The shareholders, led by Amalgamated Bank, accuse Facebook of misleading them about the misuse of user data and demand damages to recover the lost value of Facebook stock, which they claim dropped due to the company’s alleged misrepresentations.
The case, which centres on Facebook’s alleged failure to disclose known data risks, is one of two significant securities cases before the court this month.
On November 13, the court will hear a similar case involving AI chipmaker Nvidia. Rulings in these cases could raise the bar for private litigants seeking to hold companies accountable for alleged securities fraud.
Central to Facebook’s appeal is whether the company violated federal securities law by not disclosing a prior data breach when discussing business risks with investors.
Facebook portrayed such incidents as hypothetical. The lawsuit claims that Facebook breached the Securities Exchange Act of 1934 by not informing investors about a significant 2015 data breach involving Cambridge Analytica, a British political consulting firm, which compromised data from over 30 million users.
Facebook argued in its Supreme Court brief that it was not legally obligated to disclose that a warned-of risk had already happened. It claimed that risk disclosures were generally considered forward-looking, with its lawyer, Kannon Shanmugam, arguing, “A reasonable investor would understand risk disclosures to be forward-looking statements.”
During oral arguments, Justice Elena Kagan expressed scepticism toward Facebook’s argument.
“When we think about these questions, we're not looking only to lies or complete false statements. We're also looking to misleading statements or misleading omissions.”
Justice Samuel Alito added, “Isn't it the case that an evaluation of risks is always forward-looking?” Shanmugam replied “It is.

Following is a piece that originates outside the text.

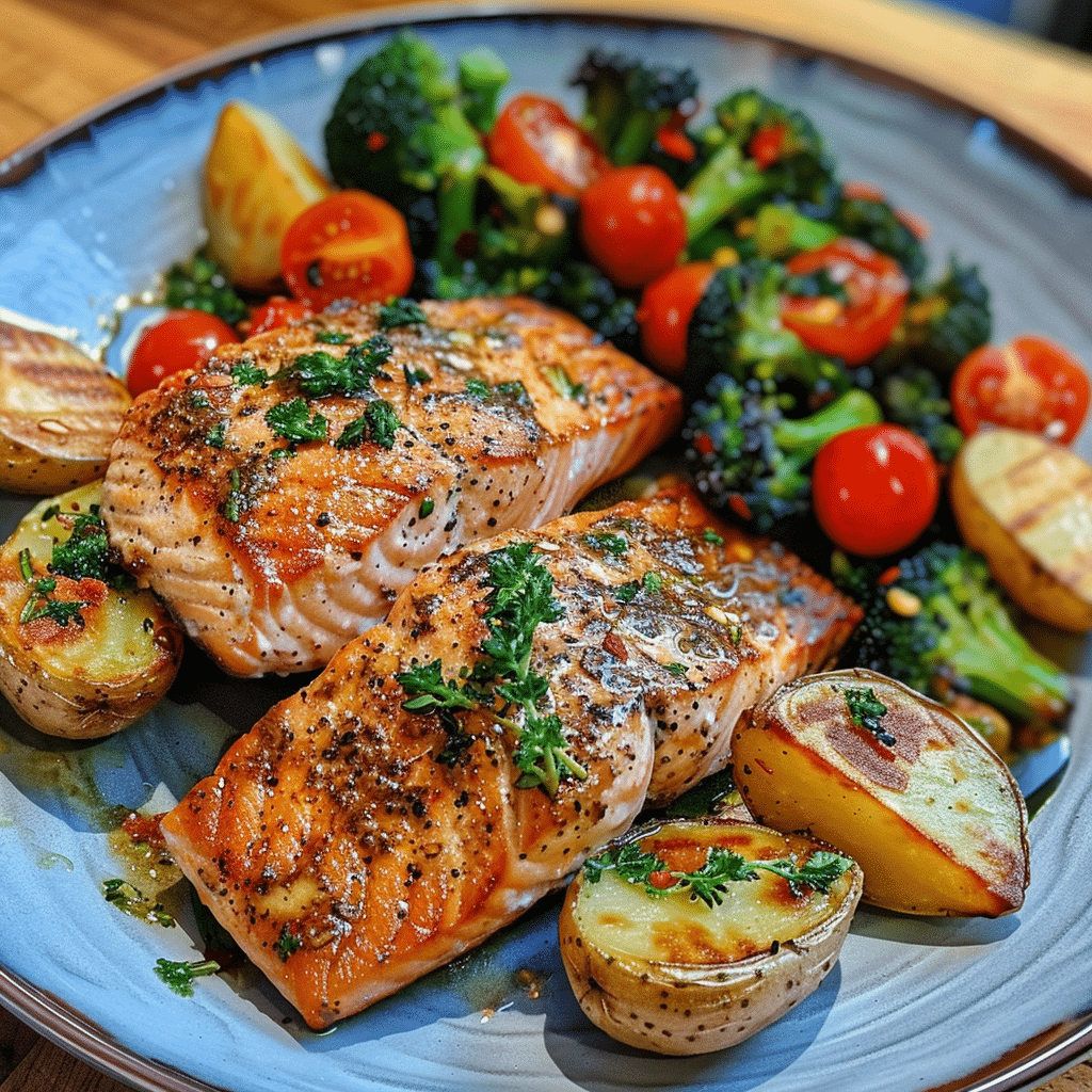 There’s something undeniably elegant yet comforting about a perfectly seared salmon fillet. When paired with crisp herb potatoes, roasted broccoli, and sweet cherry tomatoes, it becomes a complete and nourishing …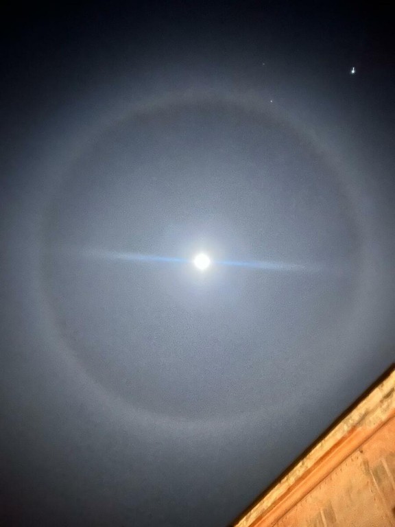 Ieri sera, alzando lo sguardo, era difficile non notare un dettaglio: attorno alla Luna si disegnava un cerchio luminoso, nitido e silenzioso. Un alone perfetto, quasi sospeso, attorno alla luna nella sua fase Gibbosa Crescente, illuminata per oltre la metà.

And that is essentially what underlies our argument here.”
A lower court, the San Francisco-based Ninth Circuit Court of Appeals, previously revived the lawsuit after US District Judge Edward Davila had dismissed it.
The plaintiffs argue that Facebook's alleged omission prevented investors from accurately assessing the company's risks, which constitutes fraud by omission.
The Supreme Court's decision, expected by June, could significantly impact the standard required for private investors to bring securities fraud claims against public companies and enable them to laugh all the way to the bank at the expense of shareholders.